Decolonial Translation Group

 

 

Para uma história descolonial da liberdade na Bolívia

por Victor Hugo Quintinilla Coro, cultura Quechua, norte de Potosí

 

 

Resumo

Antes da invasão do mundo ocidental, as culturas indígenas originárias do Qullasuyu praticavam uma concepção comunitária de liberdade, cujo fundamento era a vida. Os processos da conquista e da dominação colonial tentaram desmantelar esta cosmovisão com uma racionalidade na qual a vida não é mais do que um meio para alcançar outras finalidades, como a liberdade individual, presumidamente mais urgente do que a vida em si.
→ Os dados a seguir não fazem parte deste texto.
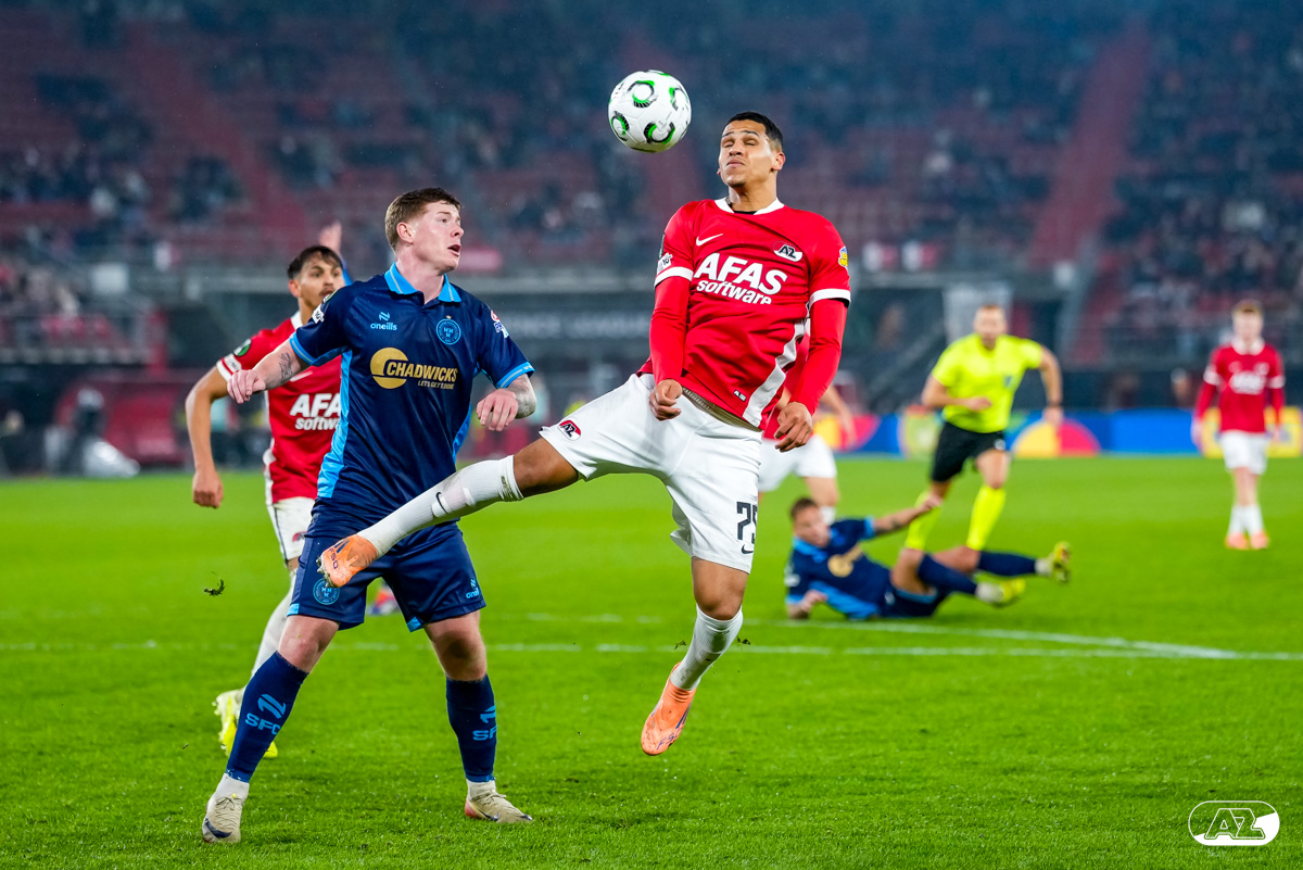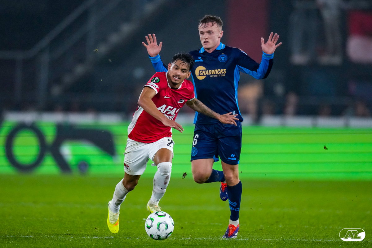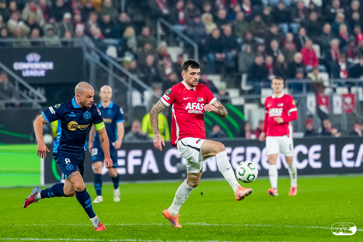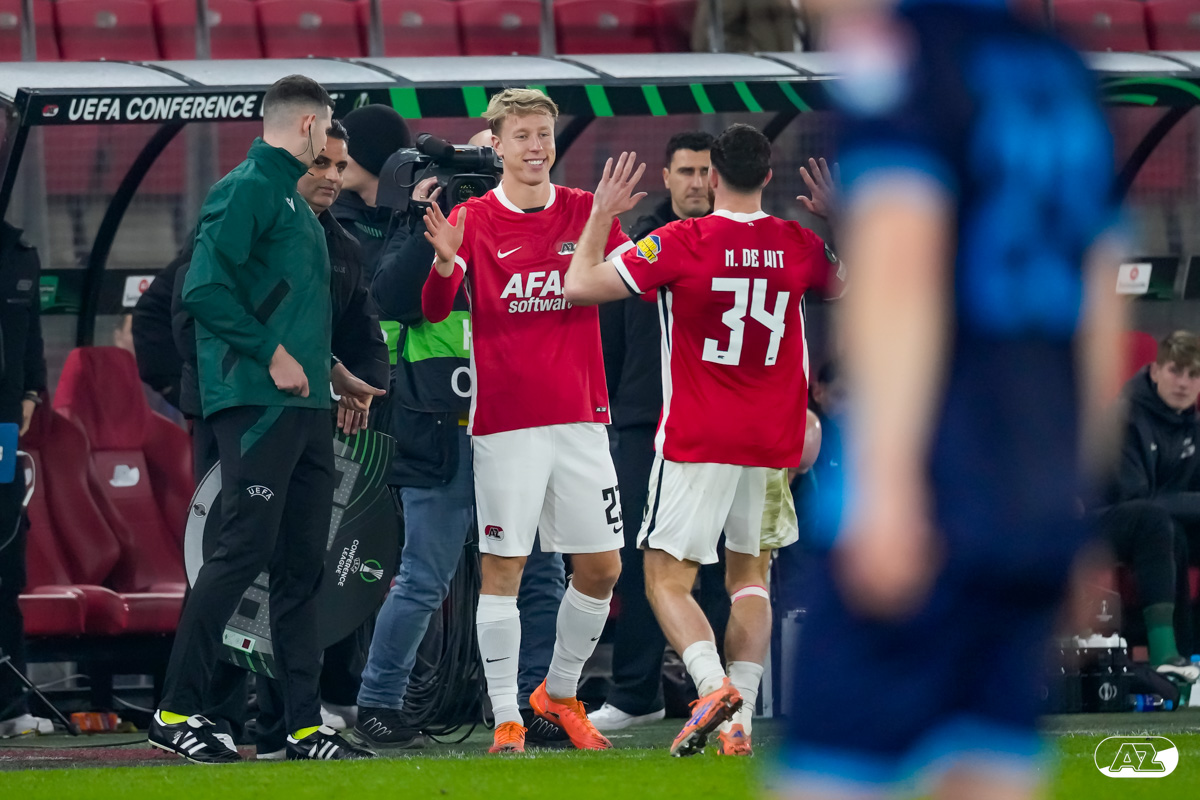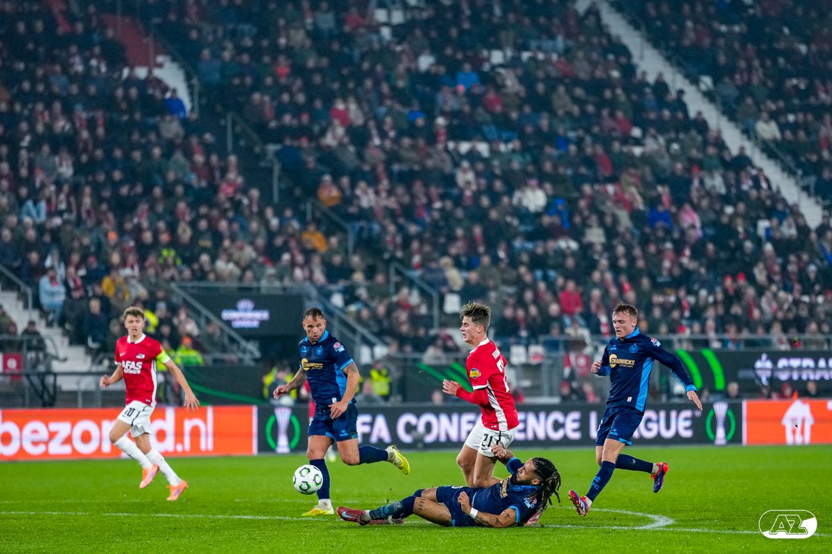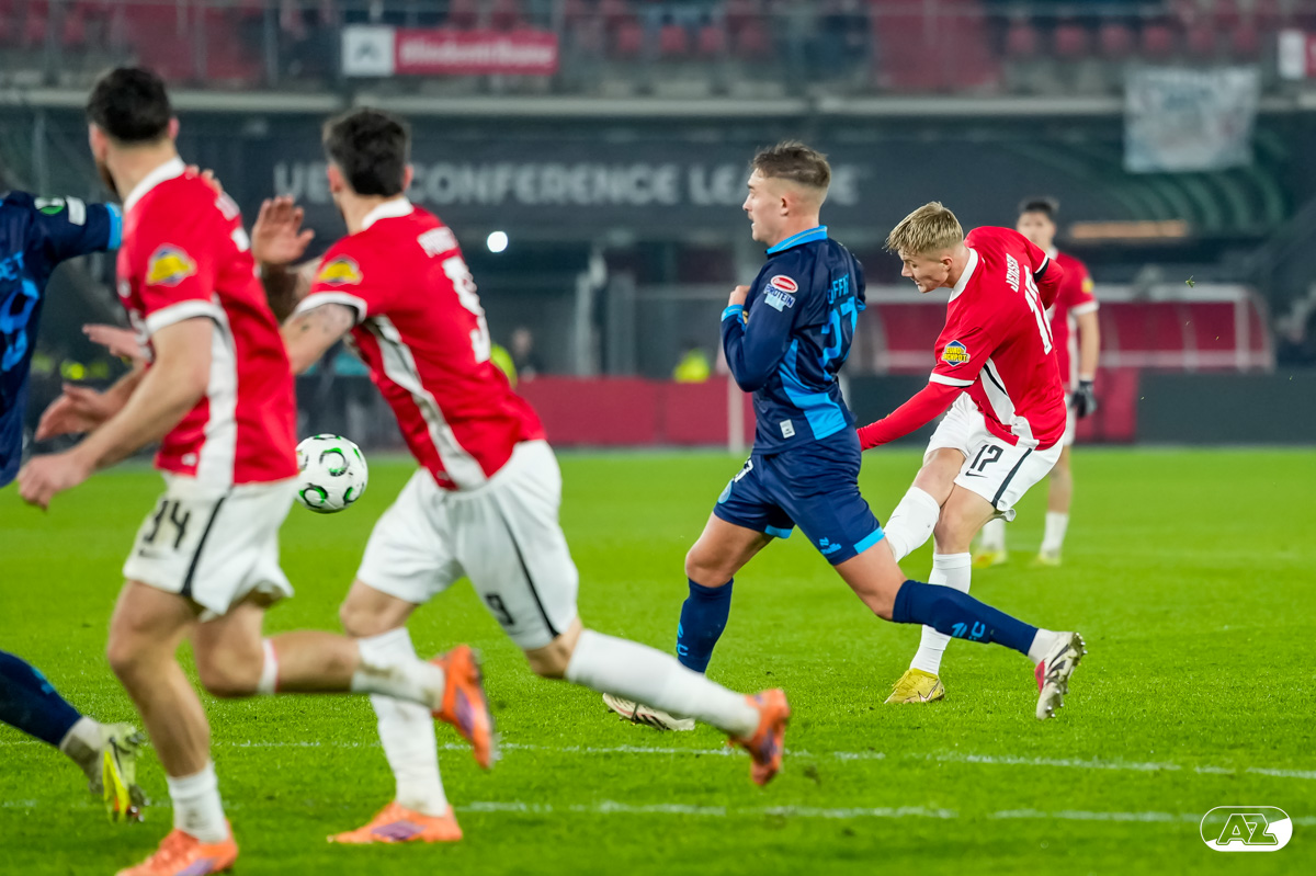ALKMAAR- AZ stond donderdagavond in de UEFA Conference League tegenover Shelbourne FC. De ploeg van Maarten Martens was met 2-0 te sterk voor de Ieren. De doelpunten kwamen op naam van Mees de Wit en Isak Jensen. Bekijk hier de wedstrijd door de lens van fotograaf Ed van de Pol.

As guerras de independência e a emergência dos Estados-nação monoculturais sancionaram politicamente essa concepção ocidental de liberdade, que explica o saque, a negação e a discriminação das culturas indígenas por parte do liberalismo colonial dos mestiços e crioulos. No entanto, em Fevereiro de 2009, a liberdade liberal do Estado monocultural colocou-se repentinamente em crise, para começar a dar lugar ao processo de reconstituição da liberdade comunitária, outrora fundamento das culturas originais e que agora deve ser vista como parte do projeto de descolonização da sociedade boliviana.

 

1. Todas as culturas indígenas originárias do Qullasuyu éramos infinitamente livres antes da invasão do mundo ocidental-moderno. Era certo que tínhamos problemas, mas também sucessos. Afinal de contas, que cultura pode ser possível à margem de acertos e de desacertos? Nenhuma cultura é apenas uma xícara de leite. Aliás, não temos a menor dúvida de que é mil vezes melhor carregar com os nossos próprios defeitos do que estar obrigados a carregar o fardo das irracionalidades de outras “civilizações” como a ocidental. Não obstante, a liberdade da cultura dos espanhóis obrigou-nos, aos quéchuas e aymaras, a ser explorados, dominados, controlados e condicionados. Que tipo de liberdade é aquele que produz a opressão de outras liberdades? Mais ainda: que tipo de liberdade torna impossível acontecer outra concepção de liberdade? Se uma liberdade é constutivamente melhor do que outras, porque é que ela não convence as demais pela via ética (o diálogo), ao invés de simplesmente as violentar através da invasão, da escravatura ou do racismo? Uma liberdade que submete ou tende a destruir outras concepções de liberdade não pode ser verdadeira, nem pode ser liberdade.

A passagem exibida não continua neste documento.